Kreak merupakan gabungan dari 2 kata dalam Bahasa Jawa, yaitu kere dan mayak. Kere berarti miskin, dan mayak berarti banyak tingkah. Awalnya, istilah kreak hanya digunakan untuk mengategorikan orang-orang yang norak secara fashion tapi ingin terlihat keren di depan publik. Tapi, entah mengapa, sekarang definisinya bergeser menjadi sebutan untuk para anomali yang meresahkan masyarakat sekitar.
Lantas, apa sebenarnya kreak itu, bagaimana cara kerja mereka, dan kenapa mereka melakukannya?
Dewasa ini, kreak lebih sering disama-artikan dengan klitih, gangster, dan lain sebagainya. Mereka adalah sekumpulan manusia-manusia yang minim pendidikan dan memiliki ego setinggi langit yang kerjaannya hanya sekadar tawuran, membuat kerusuhan, dan yang terbaru, melakukan penyerangan kepada orang-orang secara acak di suatu tempat/wilayah tertentu.
Aku pribadi merasa bahwa, sepertinya, eksistensi dari perkumpulan pemuda caper ini eksis di setiap kabupaten/kota di Indonesia. Ini bisa terjadi karena pada dasarnya, mereka hanyalah sekumpulan anak muda yang haus akan validasi dan perhatian dari orang lain. Tapi, karena tidak adanya orang 'baik' yang sudi untuk membimbing dan mengarahkan mereka dalam mencapai apa yang mereka tuju melalui jalan yang baik dan benar, akhirnya para influencer yang tidak bertanggung jawab menjadi role model pilihan mereka.

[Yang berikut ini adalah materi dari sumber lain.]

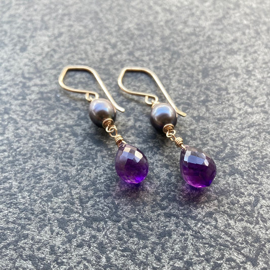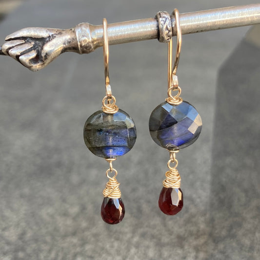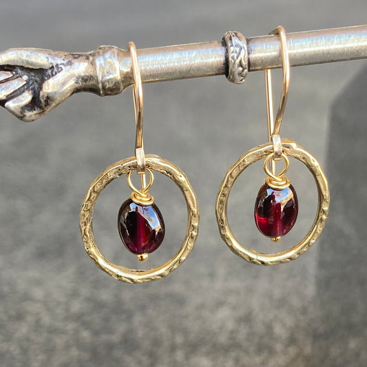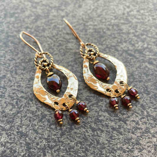 Rhodolite Garnet, Gold & Bronze Artisan Fringe Hoops
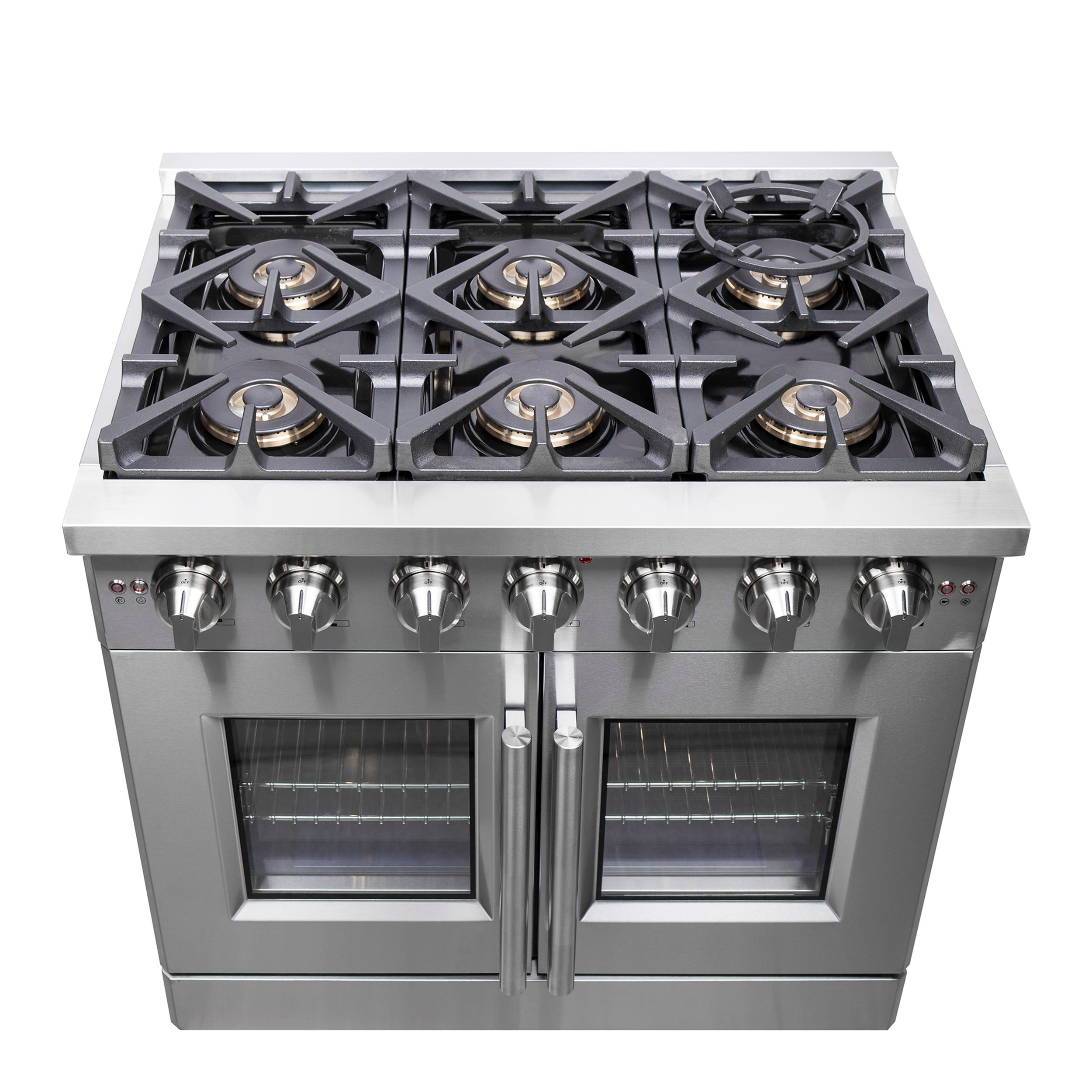 • High-Performance Sealed Dual-Ring Burners. 6 sealed dual-ring brass burners combine to deliver a total stove-top output of 120,000 BTU, offering exceptional heat control.

Hal ini dibuktikan dengan banyaknya anak muda bermasalah yang menjadikan sesosok "Katak Bhizer" sebagai idola mereka. Kebanyakan dari mereka merasa terinspirasi dan termotivasi oleh cerita idolanya itu yang berhasil menjatuhkan puluhan orang seorang diri. Mereka menganggap bahwa mengalahkan banyak orang dalam perkelahian merupakan sebuah hal yang keren. Padahal, jikalau kita mau menggunakan otak kita sedikit sahaja, seharusnya kita merasa aneh ketika mendengar sebuah cerita yang "too good to be true" seperti itu.

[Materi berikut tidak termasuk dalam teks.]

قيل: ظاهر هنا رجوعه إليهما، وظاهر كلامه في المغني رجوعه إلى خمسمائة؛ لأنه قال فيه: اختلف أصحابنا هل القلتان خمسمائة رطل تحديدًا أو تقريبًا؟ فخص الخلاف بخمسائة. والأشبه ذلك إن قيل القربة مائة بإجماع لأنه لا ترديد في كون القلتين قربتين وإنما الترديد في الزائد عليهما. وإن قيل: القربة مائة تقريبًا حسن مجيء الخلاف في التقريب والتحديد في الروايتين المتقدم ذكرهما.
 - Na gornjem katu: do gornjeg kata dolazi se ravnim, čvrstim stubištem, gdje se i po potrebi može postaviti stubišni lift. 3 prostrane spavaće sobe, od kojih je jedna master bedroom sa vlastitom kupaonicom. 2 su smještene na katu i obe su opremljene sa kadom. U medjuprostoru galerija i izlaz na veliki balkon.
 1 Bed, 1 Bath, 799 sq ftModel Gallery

Dampaknya, yang membuatku merasa benar-benar terganggu, adalah meningkatnya aktivitas meresahkan dan membahayakan dari para kreak ini di Kota Semarang dan sekitarnya. Fenomena ANOMALI ini diawali dengan tewasnya seorang mahasiswa tak bersalah dalam kasus pembacokan oleh orang yang tidak korban kenal yang terjadi di sekitar Taman Sampangan, Semarang. Lalu, teror dari para kreak ini semakin merajalela di daerah sekitar kampus UNNES dan UNDIP sebelum akhirnya menyebar sampai ke hampir seluruh penjuru kota. Bahkan, karena hal ini, banyak sekolah yang sampai-harus merilis peringatan kepada para wali murid untuk memastikan anak perwaliannya sudah berada di rumah sebelum pukul 9 malam.

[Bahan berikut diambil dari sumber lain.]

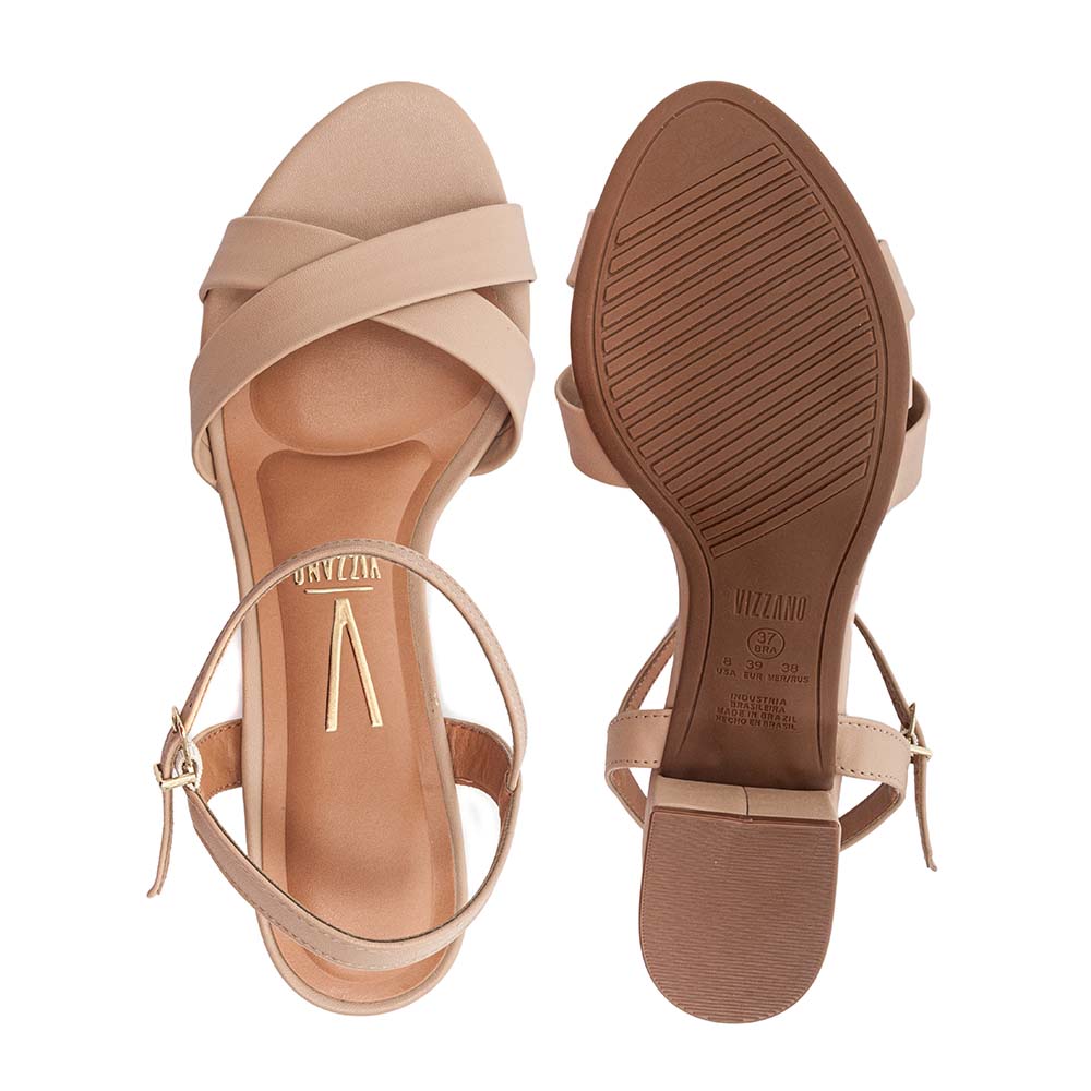 Sandália Feminina Vizzano Transpasse Salto Médio Grosso Bege
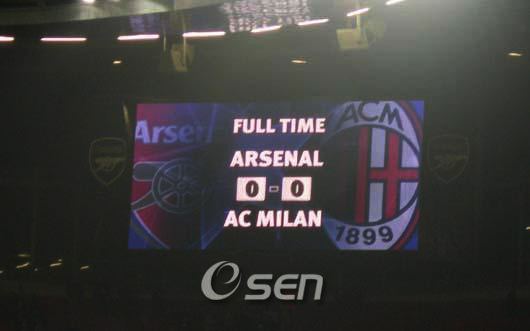 [OSEN=에미리츠스타디움(런던), 이건 특파원] 축구에서 경험이 차지하는 비중이 얼마나 될까? 아마도 이 질문에 대한 답은 저마다 다를 것이다. 그렇지만 경험이 상당히 큰 비중을 차지한다는 것을 공통점일 것이다. 그리고 상대적으로 경험의 비중이 낮다고 대답한 사람들이 있다면 이 경기를 보고 생각을 고쳐먹었을 것이다. 바로 21일(한국시간) 새벽 런던 에미리츠 스타디움에서 열린 아스날과 AC 밀란의 UEFA 챔피언스리그 16강 1차전이다. 결과부터 말하자면 0-0 무승부로 끝났다. 하지만 기록상으로 본다면 아스날이 승리하지 못한 것이 이상할 정도다. 유효슈팅 7대2, 총 슈팅수 16대7. 점유율 54%대 46%, 모든 면에서 아스날이 2~3골차 이상으로 이겼어야 하는 경기였다. 결국 AC 밀란의 경험이 원정경기에서 무실점 무승부를 거둔 원동력이었던 것이다. AC 밀란의 경험은 대단했다. 산전수전 다 겪은 이들은 노련하게 경기를 운영했다. 이들의 목표는 간단명료했다. 원정 경기에서 무승부를 이끌어내겠다는 것. 말디니(40), 네스타(32), 갈라제(30), 오도(32)로 이어지는 평균나이 33.7세의 포백 라인은 철옹성이었다. 이들은 패기가 앞서는 아스날의 공격진을 효과적으로 무력화시켰다. 아스날은 수비 뒷공간을 노리는 로빙패스를 시도하며 노장 수비수들과 젊은 아데바요르(24)를 경쟁시켰지만 그것도 한계를 넘지 못했다. 페널티에어리어까지는 내주었지만 마지막 순간까지 무너지지 않고 전열을 가다듬은 AC 밀란의 수비진은 상대를 위험구역에서 몰아냈다. 허리 라인과 공격진 역시 수비에 중점을 두었다. 이들은 무리한 플레이보다는 안정성에 중점을 두었다. 상대에게 공을 커트당하면 파울로 끊어내고 발빠른 파투나 개인기 좋은 카카를 적극 활용했다. 이들이 상대 수비수를 제쳐내면 좋은 것이고 그렇지 않더라도 크게 아쉬워하지는 않았다. 경험에서 우러나온 AC밀란의 노련한 경기 운영 능력 앞에 아스날은 자신의 공격 속도를 주체하지 못했다. 특히 집중력을 가져야 하는 후반 중반 이후 아스날 선수들은 의미없는 중거리슈팅을 남발했다. 여기에 후반 종료 직전 아데바요르의 헤딩이 크로스바를 맞는 불운까지 겹쳤다. 결국 AC 밀란의 경험과 노련미에 아스날 선수단과 6만 여 홈팬들은 헛심만 썼다고해도 그리 과장은 아닐 것이다. bbadagun@osen.co.kr

Tentu sahaja, fenomena anomali ini menimbulkan banyak sekali pertanyaan tentang kenapa dan apa sahaja yang mendasari hal ini bisa terjadi?
Jikalau menilik dari sosial media, tidak sedikit orang yang menyangkut-pautkan fenomena ini sebagai akibat dari meningkatnya degradasi moral para pemuda di Indonesia. Menurut Datu Jatmiko dalam paper Kajian Ilmiah Mata Kuliah Umum nya, kenakalan remaja yang bersifat psikotis, ekstrem, dan melanggar hukum bisa terjadi karena intelektualitas para remaja tersebut tidak berfungsi sehingga terjadi pembekuan moral yang kronis.
Selain itu, berdasarkan acuan dari buku yang ditulis oleh Thomas Lickona dengan judul "Educating for Character: How Our Schools Can Teach Respect and Responsibility", disebutkan bahwa ciri-ciri dari degradasi moral pada sekelompok orang adalah dengan mereka melakukan tindak kriminal, tidak sportif dalam perbuatan, pencurian, melanggar aturan, tawuran antar siswa, tidak menghargai orang lain, sikap perusakan diri, keinginan seksual diluar nikah, penggunaan bahasa kotor, dan pemakaian obat terlarang/narkoba.
Seharusnya, dari sini kita dapat menyimpulkan bahwa gagalnya sistem pendidikan dalam mengolah intelektualitas para siswa, baik dalam hal pelajaran, adab, etika, maupun empati yang melibatkan proses "emotional control", menjadi salah satu penyebab utama akan mengapa fenomena anomali ini terjadi.